In quasi tutte le comunitàe valdesi d’Italia è stato trasmesso un comunicato pubblico “dai massimi rappresentanti della Chiesa valdese, per dichiarare, in tutte le sedi possibili che, quanto espresso dal Malan non rappresenta, in alcun modo, le posizioni della Chiesa valdese in nessuno dei termini trattati”.
Il simbolo del comunicato è una mano aperta con un raggio di luce multicolore dei gay come se i peccatori gay, fossero i peccatori privilegiati, i peccatori migliori, i primi ad essere accolti nelle chiese, gli “eletti” del popolo ai quali offrire, dedicare una bandiera che avvolge le Bibbie, i pulpiti, le processioni nei cortei.
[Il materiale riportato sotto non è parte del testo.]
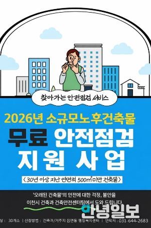 안녕일보 배윤 기자 | 이천시는 건축물 노후화로 인한 안전사고를 예방하고 시민 안전을 강화하기 위해 ‘2026년 찾아가는 소규모 노후건축물 안전점검 지원사업’을 추진한다고 밝혔다.
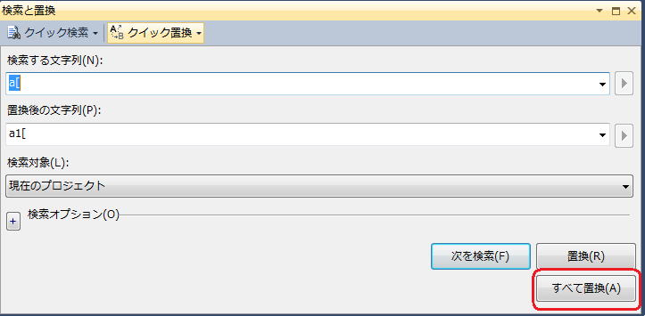 図のように置換後の文字列をa1[、検索対象を現在のプロジェクトとして、すべて置換を選択します。
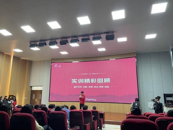 国际商学院马艳萍院长介绍了合作育人成果,学院将紧扣实际岗位需求开设特色课程,她表示:“双十一是一个难得的实战机会,学生们在实践中能够快速成长。我们希望通过这样的活动,让学生们更好地理解电商行业的运作模式,为未来的职业发展打下坚实的基础。”学生汪畅、李鹏程和郭依铭分别作为代表发言,分享了实训服务经验,表示将带领团队以高标准服务助力攻坚。大会还表彰了实训优秀者:侯竞菲获“在线服务之星”,汪畅获“电话服务之星”,杨能能获“事满服务之星”,陈昊威等5人获“拼搏之星”,王轩等5人获“优秀TL(组长)”称号。
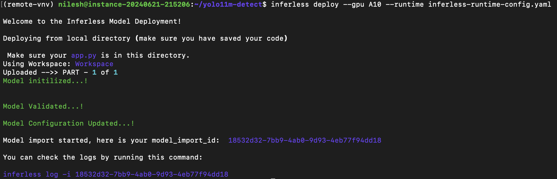 From your local terminal, navigate to the folder containing yourapp.py and your inferless-runtime-config.yaml and run:
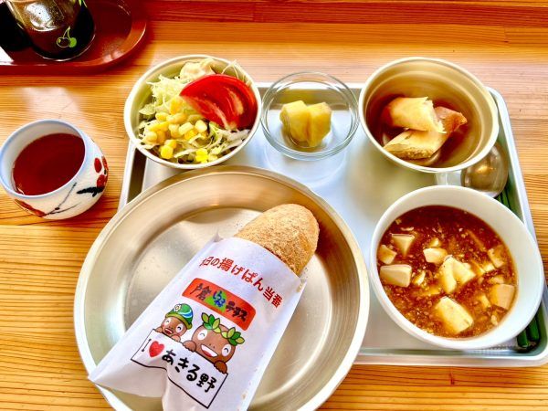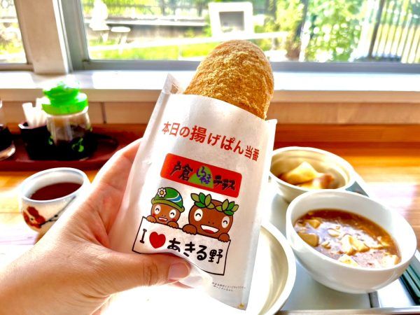 アルマイト製の食器が使われています!あげパンも揚げたてでホカホカでした。

Non può essere ammissibile che i gay siano considerati nella chiesa i migliori peccatori; Sì! Dico bene! Peccatori. Perché si sa, si è sempre detto che la Chiesa non è fatta per i giusti ma per i peccatori; nel cielo ci sarà solo gente che era peccatrice salvata.
E’ un privilegio essere peccatori e PECCATORI SALVATI, perché Gesù non è venuto a chiamare dei giusti ma dei peccatori al ravvedimento. (Luca 5 :32).
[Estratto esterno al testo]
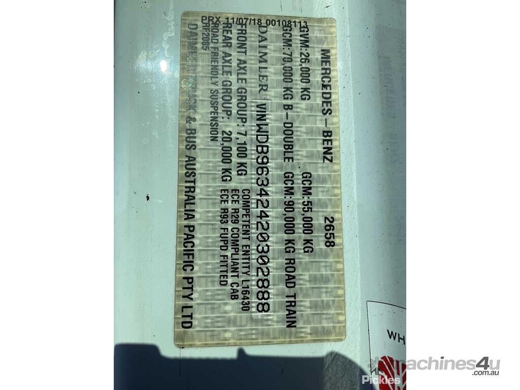 CP: 01/2019,Mercedes Benz,Actros 2658,Prime Mover Sleeper Cab,Automatic,Airbag,6 Cyl,Diesel Turbo,464370 (Kms. Showing on Odometer),11701 (Hrs. Showing on Hour meter),Colour: White,Rego. No: NP(XV30DL), Unregistered VIC,VIN: WDB2888,Key No: 106E,Length: 7 m,GVM: 26000,GCM: 90000,Sold with No Plates,Key No: 106E
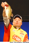 すでに全ディビジョンが最終戦を終えたストレーンシリーズ。この日は各ディビジョンの上位40名に出場権が与えられるチャンピオンシップがミズーリ州テーブルロック・レイクで幕を開けた。ストレーンシリーズはFLWで3番目のカテゴリーとなるが、マイケル・アイコネリやステイシー・キング、デイブ・ラフィーバーといったビッグネームもエントリー。チャンピオンシップの名に恥じないトップレベルの戦いとなっている。この日、17Lb1ozのトップウエイトをマークしたのはデビッド・カーティス。このレイクにはラージマウスバスとスポッテッドバスが混棲しているが、カーティスはリミットの5尾をすべてラージマウスで揃えた。以下、上位陣は2位ハーモン・デイビス、3位マーク・ゴインス、4位ステイシー・キング、5位レンデル・マーチンJr.となっている。日本人で唯一クオリファイされた中東篤志さんは2Lb14ozで150位と厳しいスタートとなった。
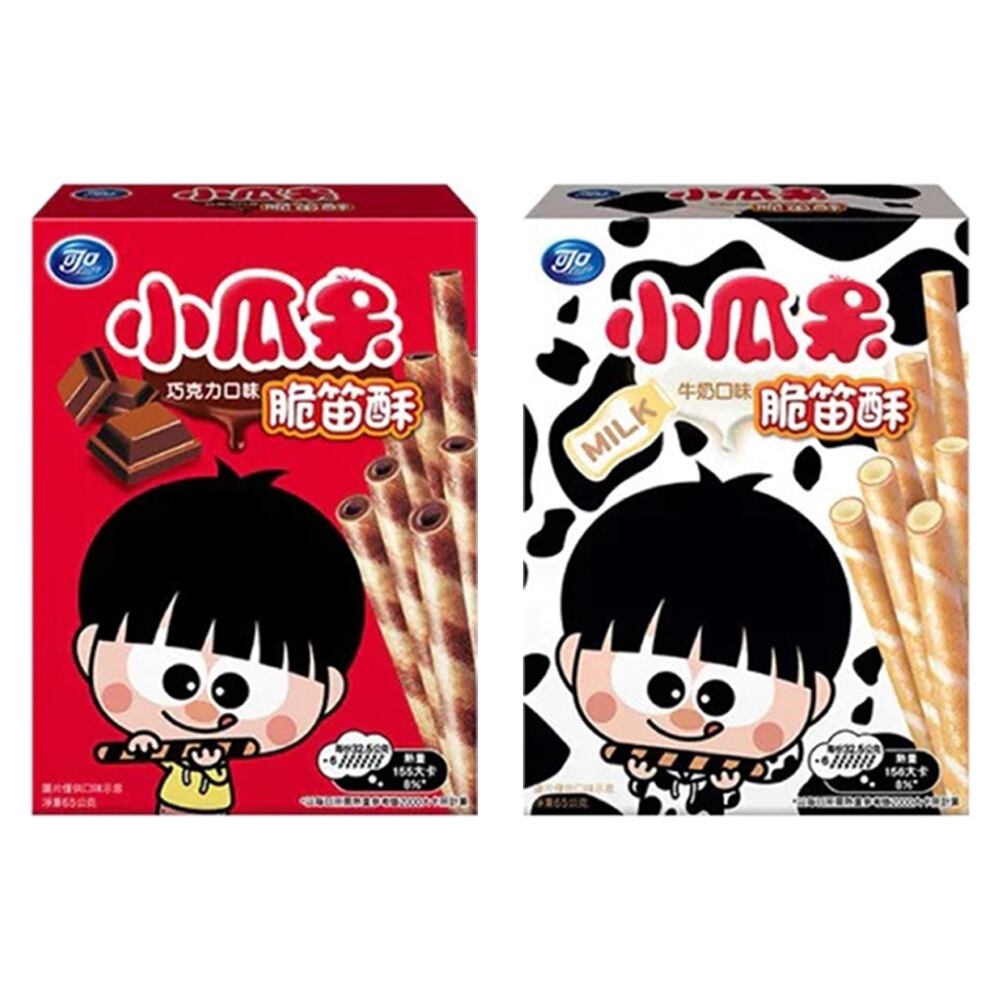台湾のロングセラー菓子「小瓜呆脆笛酥(お坊ちゃんウエハースロール)」。「小瓜呆」はパッケージのイラストの子の名前で「お坊ちゃん」という意味です。
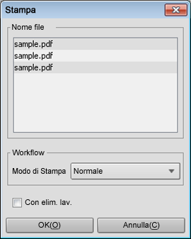 Per eliminare il lavoro dall'elenco Cons. lavoro dopo l'esecuzione della stampa, selezionare [Con elim. lav.].
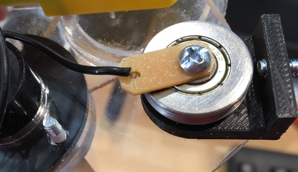 My second attempt is to cut a little piece of copper clad that anchors to the screw holding the bearing in but also touches the outside of the bearing. This solution is perfect because it allows the bearing to spin while conducting electricity.

Non ci sono peccatori migliori degli altri tanto da dedicare loro bandiere sventolate ovunque. Occorrerebbe un briciolo di chiarezza, da parte della moderatora nel suo comunicato e nei simboli esposti.
Questa è la chiarezza: nella Chiesa vengono accolti tutti i peccatori indistintamente, tutti quei peccatori che hanno capito che la salvezza di Dio è una salvezza dall’ ira. Chiunque pensa di poter sorridere all’ira, all’idea dell’ira di Dio, non lo loderà mai in eterno per la sua Grazia. Ma dalle cose da cui i cristiani del Nuovo Testamento traevano il pieno significato della salvezza, era la loro certezza dell’ira di Dio e la loro profonda gratitudine a Cristo per averli salvarli da essa. Nei tempi moderni alcuni prendono il cristianesimo alla leggera perché hanno svuotato l’ira del suo contenuto. Bandire l’ira di Dio dalla scena è derubare la vita di grandissima parte del suo serio proposito.
“Perché questa è la volontà di Dio che vi santificate, che vi astegnate dalla fornicazione, che ciascuno di voi sappia possedere il proprio corpo in santità e onore, senza abbandonarsi a passioni disordinate Come fanno gli stranieri che non conoscono Dio. Infatti Dio ci ha chiamati non impurità, ma a santificazione. Chi Dunque DISPREZZA, questi precetti non DISPREZZA un uomo, ma quel Dio che vi fa anche dono del suo Spirito Santo. (1Tess.4:3-8).
Dunque, poiché Dio ci ha chiamati a santificazione, ne consegue che chi la tratta alla leggera DISPREZZA una Persona, la quale è niente meno che Dio. Quel termine DISPREZZO in greco significa: “trattare come nulla e vuoto”, “ritenere di nessun conto”.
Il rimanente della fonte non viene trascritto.